Data section:
▬▬▬▬▬▬

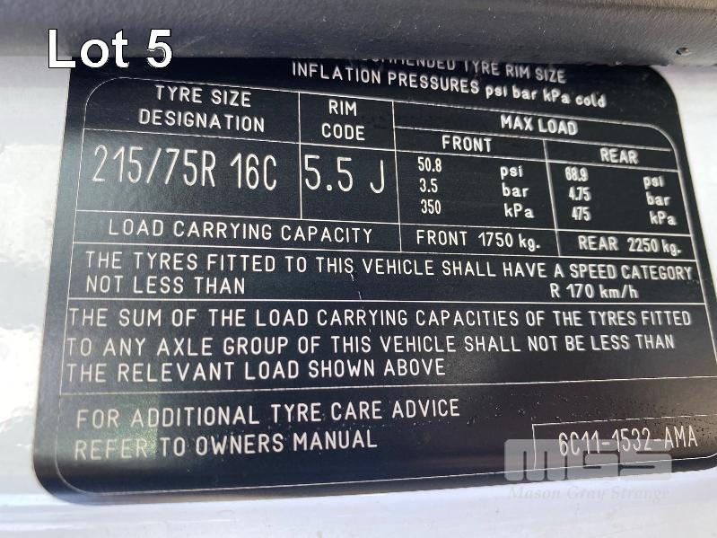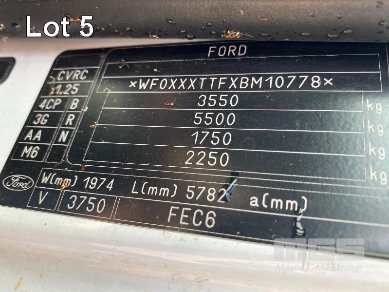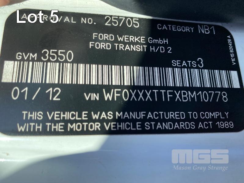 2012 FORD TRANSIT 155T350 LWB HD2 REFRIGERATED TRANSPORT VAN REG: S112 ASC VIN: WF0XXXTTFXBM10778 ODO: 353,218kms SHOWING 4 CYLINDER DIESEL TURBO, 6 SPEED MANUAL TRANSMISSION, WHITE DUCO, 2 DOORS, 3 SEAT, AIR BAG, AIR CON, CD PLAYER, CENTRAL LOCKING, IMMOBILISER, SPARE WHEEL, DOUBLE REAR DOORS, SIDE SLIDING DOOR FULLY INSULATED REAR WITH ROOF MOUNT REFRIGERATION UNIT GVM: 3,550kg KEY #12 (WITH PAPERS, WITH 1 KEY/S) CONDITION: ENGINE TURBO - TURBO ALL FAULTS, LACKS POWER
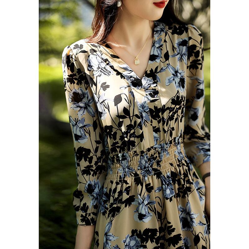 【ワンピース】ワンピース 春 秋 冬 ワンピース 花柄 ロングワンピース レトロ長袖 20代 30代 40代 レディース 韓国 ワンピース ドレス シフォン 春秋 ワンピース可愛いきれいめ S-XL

▬▬▬▬▬▬

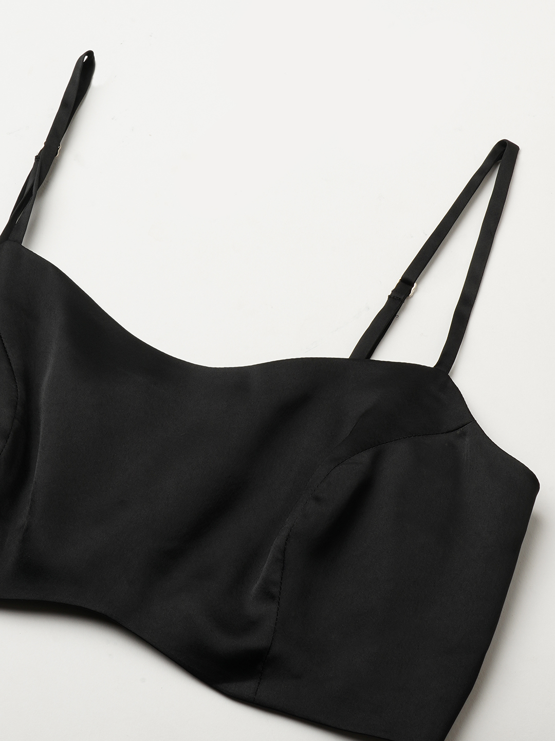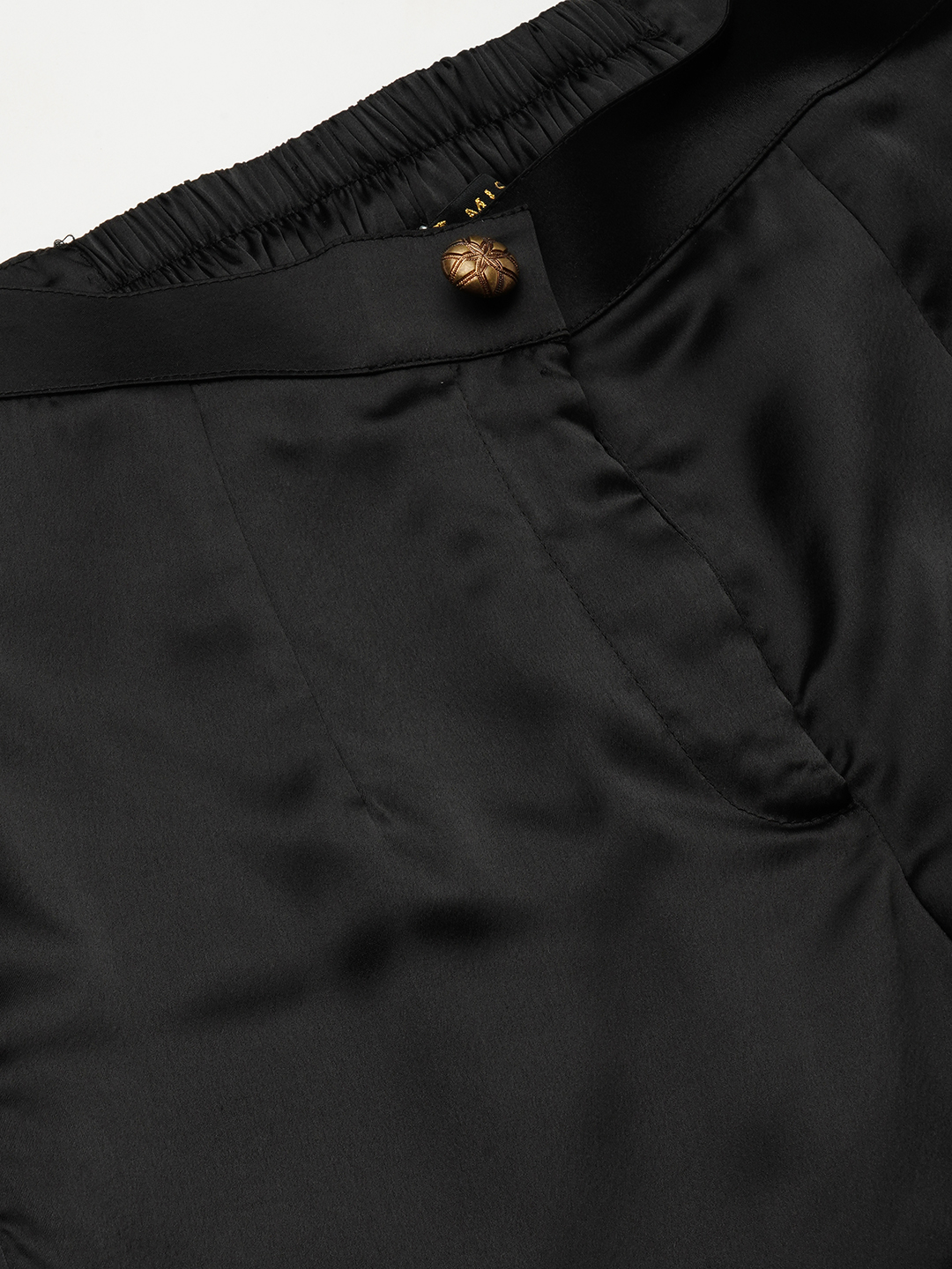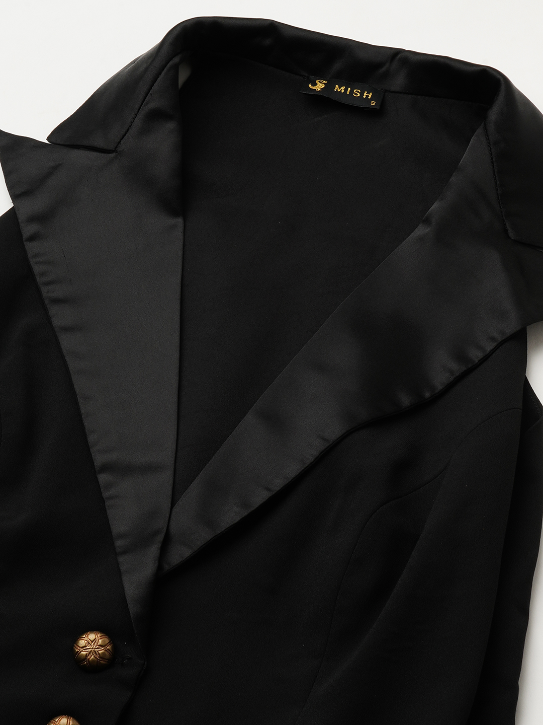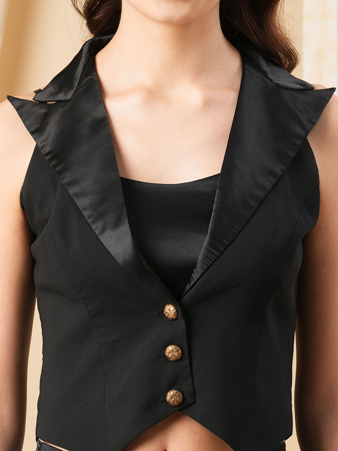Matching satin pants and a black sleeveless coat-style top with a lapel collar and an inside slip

▬▬▬▬▬▬

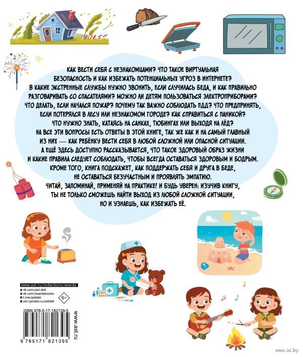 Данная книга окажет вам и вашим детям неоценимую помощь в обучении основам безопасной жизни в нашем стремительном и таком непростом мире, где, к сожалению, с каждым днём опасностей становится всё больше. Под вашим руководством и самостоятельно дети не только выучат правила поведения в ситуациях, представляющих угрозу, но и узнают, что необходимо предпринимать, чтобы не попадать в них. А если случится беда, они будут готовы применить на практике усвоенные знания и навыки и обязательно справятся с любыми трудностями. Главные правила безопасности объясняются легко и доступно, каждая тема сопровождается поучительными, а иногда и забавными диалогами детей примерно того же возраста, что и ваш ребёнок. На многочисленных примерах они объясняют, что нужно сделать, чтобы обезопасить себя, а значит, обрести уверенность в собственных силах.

▬▬▬▬▬▬

Your assignment: Precisely those lines above that run from the line with "2012 FORD TRANSIT" up to and including the line with "春秋 ワンピース可愛いきれいめ S-XL" are to be set down, with the pictures omitted.

Result for this exercise:
 2012 FORD TRANSIT 155T350 LWB HD2 REFRIGERATED TRANSPORT VAN REG: S112 ASC VIN: WF0XXXTTFXBM10778 ODO: 353,218kms SHOWING 4 CYLINDER DIESEL TURBO, 6 SPEED MANUAL TRANSMISSION, WHITE DUCO, 2 DOORS, 3 SEAT, AIR BAG, AIR CON, CD PLAYER, CENTRAL LOCKING, IMMOBILISER, SPARE WHEEL, DOUBLE REAR DOORS, SIDE SLIDING DOOR FULLY INSULATED REAR WITH ROOF MOUNT REFRIGERATION UNIT GVM: 3,550kg KEY #12 (WITH PAPERS, WITH 1 KEY/S) CONDITION: ENGINE TURBO - TURBO ALL FAULTS, LACKS POWER
 【ワンピース】ワンピース 春 秋 冬 ワンピース 花柄 ロングワンピース レトロ長袖 20代 30代 40代 レディース 韓国 ワンピース ドレス シフォン 春秋 ワンピース可愛いきれいめ S-XL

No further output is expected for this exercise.